**PROBLEM TO WORK ON:** Ignoring every picture, return the lines of the listing below word for word, from the line that holds "Caja de regalo" through the line that holds "github.com/paperless-ngx/paperiess-ngx paperless-ngx /".

**** EXERCISE MATERIAL ****

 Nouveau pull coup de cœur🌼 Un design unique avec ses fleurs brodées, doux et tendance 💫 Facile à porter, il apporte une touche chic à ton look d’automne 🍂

****
**** EXERCISE MATERIAL ****

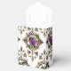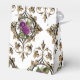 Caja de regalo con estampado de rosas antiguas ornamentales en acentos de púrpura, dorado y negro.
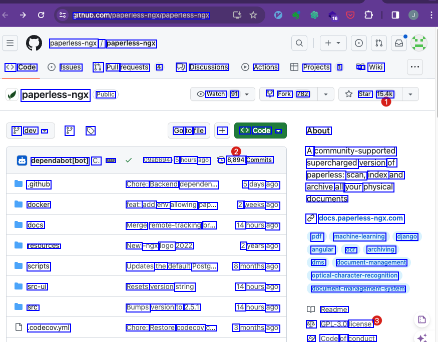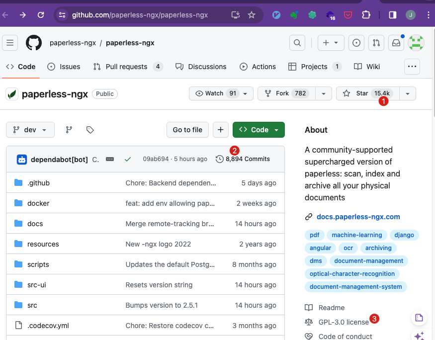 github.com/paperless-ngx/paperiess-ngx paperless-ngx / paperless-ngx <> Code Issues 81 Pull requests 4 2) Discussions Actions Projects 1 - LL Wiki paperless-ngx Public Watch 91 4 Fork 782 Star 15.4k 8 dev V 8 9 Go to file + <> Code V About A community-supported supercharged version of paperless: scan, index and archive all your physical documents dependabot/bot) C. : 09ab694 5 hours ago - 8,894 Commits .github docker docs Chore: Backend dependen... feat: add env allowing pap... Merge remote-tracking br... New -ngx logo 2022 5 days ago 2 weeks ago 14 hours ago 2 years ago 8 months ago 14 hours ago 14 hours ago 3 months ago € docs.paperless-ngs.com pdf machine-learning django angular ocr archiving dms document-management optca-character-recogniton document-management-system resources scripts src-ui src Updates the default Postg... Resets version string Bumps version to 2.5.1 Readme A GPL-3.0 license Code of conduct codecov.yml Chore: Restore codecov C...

****
**** EXERCISE MATERIAL ****

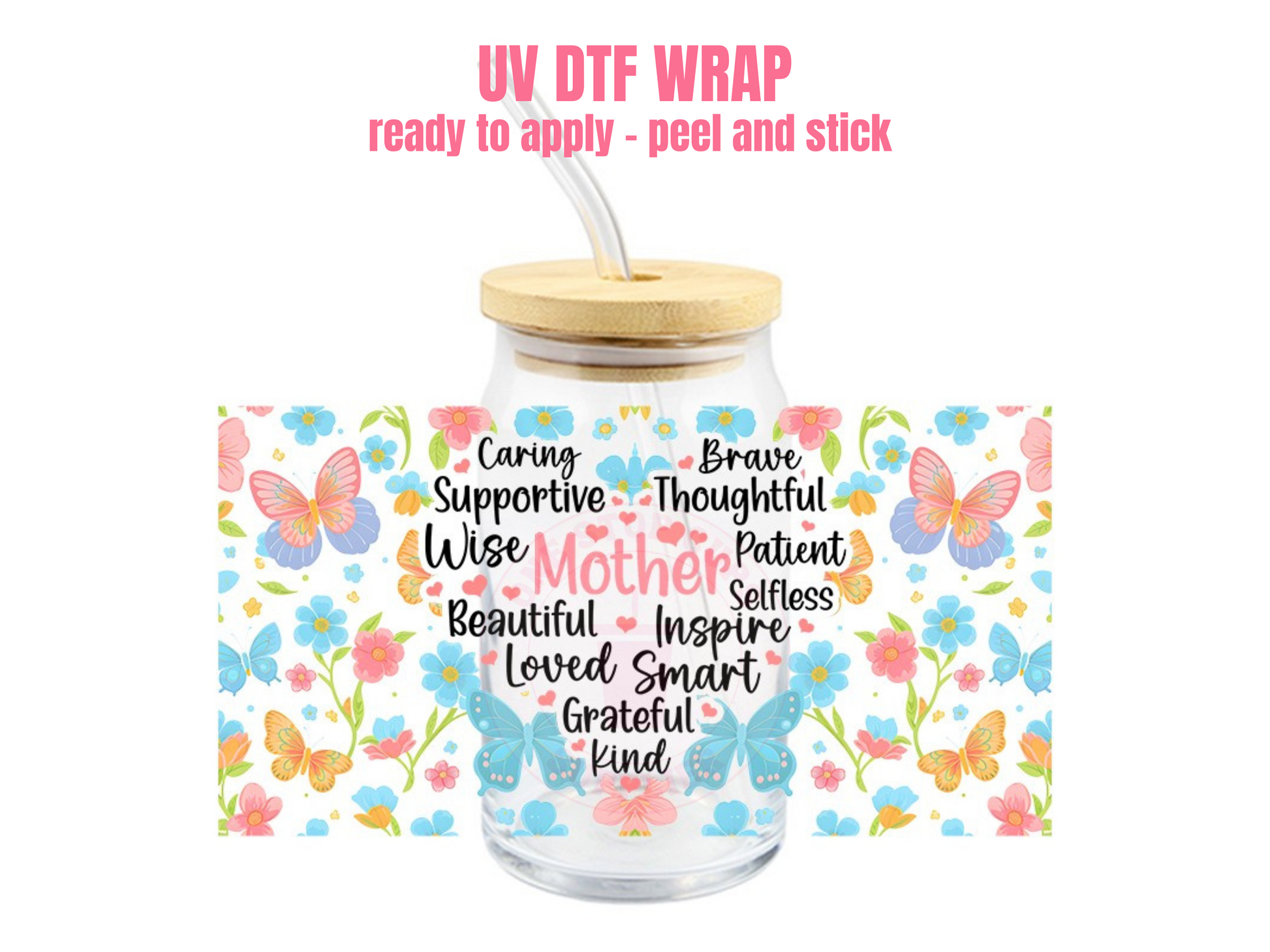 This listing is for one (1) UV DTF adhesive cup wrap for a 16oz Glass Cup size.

****

**OUTPUT OF THE TASK:**
 Caja de regalo con estampado de rosas antiguas ornamentales en acentos de púrpura, dorado y negro.
 github.com/paperless-ngx/paperiess-ngx paperless-ngx / paperless-ngx <> Code Issues 81 Pull requests 4 2) Discussions Actions Projects 1 - LL Wiki paperless-ngx Public Watch 91 4 Fork 782 Star 15.4k 8 dev V 8 9 Go to file + <> Code V About A community-supported supercharged version of paperless: scan, index and archive all your physical documents dependabot/bot) C. : 09ab694 5 hours ago - 8,894 Commits .github docker docs Chore: Backend dependen... feat: add env allowing pap... Merge remote-tracking br... New -ngx logo 2022 5 days ago 2 weeks ago 14 hours ago 2 years ago 8 months ago 14 hours ago 14 hours ago 3 months ago € docs.paperless-ngs.com pdf machine-learning django angular ocr archiving dms document-management optca-character-recogniton document-management-system resources scripts src-ui src Updates the default Postg... Resets version string Bumps version to 2.5.1 Readme A GPL-3.0 license Code of conduct codecov.yml Chore: Restore codecov C...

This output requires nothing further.